Override Generate Alert to True (to generate alerts)

Override Auto-Resolve to False (even though default is false, this must be set, to keep from auto-closing these so you can see them and their repeat count)

Override Alert severity to Information (to keep from ticketing on these events)


Override EACH monitor, “all objects of another class” and choose “Agent” class.




This is a good configuration:











As a refresher – this will be common on any monitored systems that discover a large number of instances – such as Exchange, DNS, SQL servers, SCVMM, large web servers, etc.

Comments (9)

  1. Kevin Holman says:

    @Stooney –

    Not sure I understand your question – if you read my blog post above – I *AM* recommending these as system wide changes and picture the values I prefer as a base. No – management servers should not be changed which is why I choose the Agent class to modify.
    Exchange and Hyper-V servers might need even higher values since they host so many objects… and you can add another override for those scoped to a group, which will win in conflict since group is more specific than class.

  2. Krish says:

    Hope you are doing good.

    I am facing the above problem with my management servers and the health state of the servers are in critical because of this alert.
    Steps taken for this alert.

    Applied override for the classes management server, management server agent.

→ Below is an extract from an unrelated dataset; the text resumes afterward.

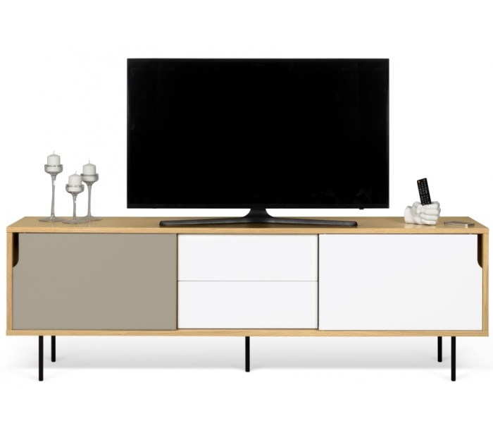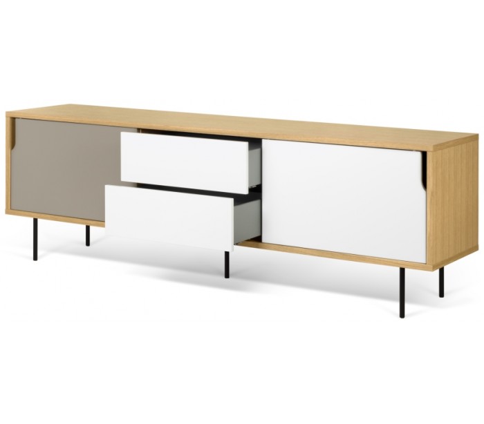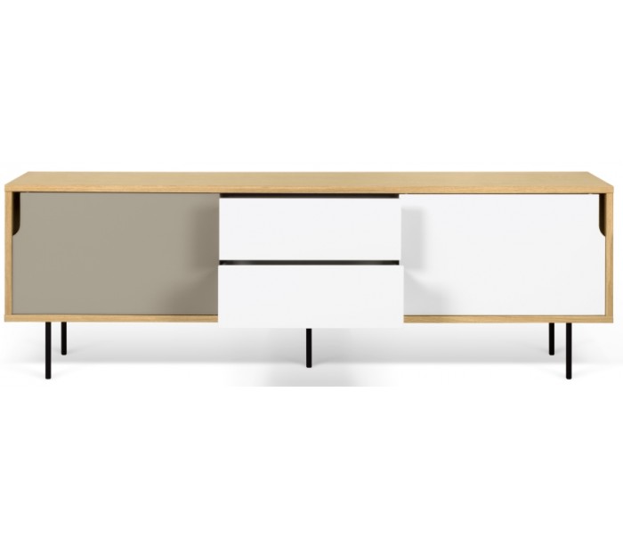 TemaHome Dann tvbord udført i et design af mat hvid, mat grå og egetræsfarvet MDF med ben i sortlakeret metal. Tvbordet måler 65 cm i højden og 201 x 45 cm i bredde og dybde. Tvbordet indeholder 2 skydelåger, hvert med 2 hylderum bag lågen - hertil 2 skuffer med push open funktion.

    Parameter name – Agent performance monitor type (Consecutive Samples) – Threshold – default value – 314572800 Effective Value – 1610612736.

    After changing the threshold values also the state change is happening. Could you please help me to fix this issue.

  3. stooney says:

    Glad I landed on this post, we are seeing a wide range of servers affected by this issue, particularly with Exchange and Hyper-V. After reading the post, I am wondering if it would be safe/recommended to implement a system wide change with these values
    (600MB and 15000 handles) to a 2,000 server environment? If so, should Management server values be modified as well? Thank you

  4. stooney says:

    Yes, it does answer my question. Thank very much. I just wanted some assurance since your recommended values are such a jump from the defaults. It just makes me wonder why they are not the defaults to start with.

  5. lucy says:

    Great post from your hands again. I loved the complete article.
    By the way nice writing style you have. I never felt like boring while reading this article.

    I will come back & read all your posts soon. Regards, Lucy.

  6. Tommy says:

    Hi Kevin,

    Since SCOM 2012 R2 U3 the Health Service Handle Count Threshold for Management Server (Agent) has been changed;
    The update threshold for monitor "Health Service Handle Count Threshold" is reset to 30,000. You can see this issue in the environment, and the Health Service Handle Count Threshold monitor is listed in the critical state.

    However, Monitoring Host Handle Count Threshold is still set to 10.000. Whilst you advise to increase the threshold for Agents to 15.000, how about Management Server (Agent)?

    Currently i have:

    Health Service Handle Count Threshold
    Management Server – 30.000 (default since UR3)
    Management Server Agent – 30.000 (default since UR3)
    Agent – Severity: Information, Generates Alerts: True, Auto-Resolve Alert: False, Threshold: 15.000

    Monitoring Host Handle Count Threshold
    Management Server – 10.000 (default)
    Management Server Agent – 10.000 (default)
    Agent – Severity: Information, Generates Alerts: True, Auto-Resolve Alert: False, Threshold: 15.000

  7. Tommy says:

    Also, in addition to Krish, We increased the value for management server (agent) to 4294967296 (bytes) because our health services on management servers easily consume 3G or more.

    1. rob1974 says:

      I don’t like the auto resolve, all though i understand the reason.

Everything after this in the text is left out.